DATA SHOWN:
══════════════════════════════
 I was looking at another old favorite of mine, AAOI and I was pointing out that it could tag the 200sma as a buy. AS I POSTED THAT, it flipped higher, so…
══════════════════════════════
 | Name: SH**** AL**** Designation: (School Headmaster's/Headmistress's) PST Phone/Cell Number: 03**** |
══════════════════════════════
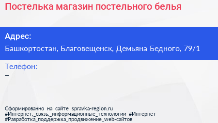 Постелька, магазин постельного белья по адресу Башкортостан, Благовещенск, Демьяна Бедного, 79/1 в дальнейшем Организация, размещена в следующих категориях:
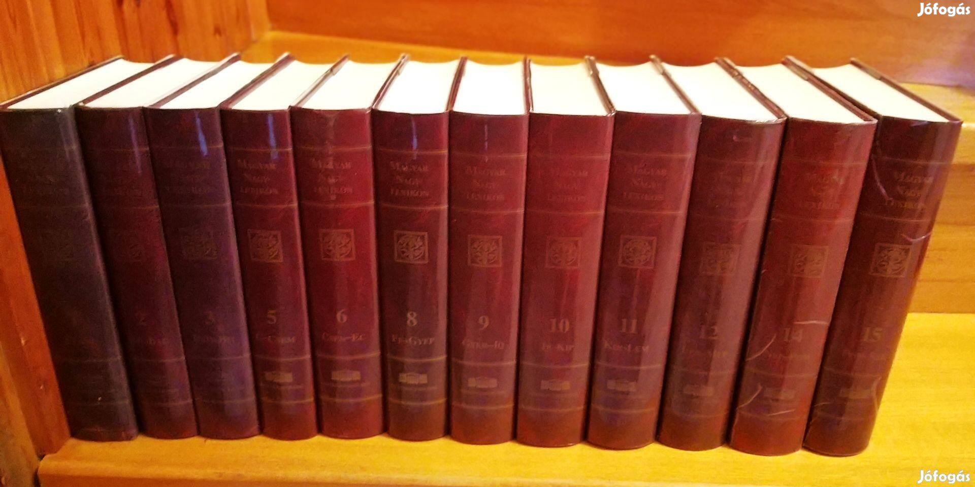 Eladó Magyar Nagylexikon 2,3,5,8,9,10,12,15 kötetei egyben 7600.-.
══════════════════════════════
The stretch above running from the line with "Постелька, магазин постельного" through the line with "Eladó Magyar Nagylexikon" is all you should copy, exactly, leaving out the pictures.

 Постелька, магазин постельного белья по адресу Башкортостан, Благовещенск, Демьяна Бедного, 79/1 в дальнейшем Организация, размещена в следующих категориях:
 Eladó Magyar Nagylexikon 2,3,5,8,9,10,12,15 kötetei egyben 7600.-.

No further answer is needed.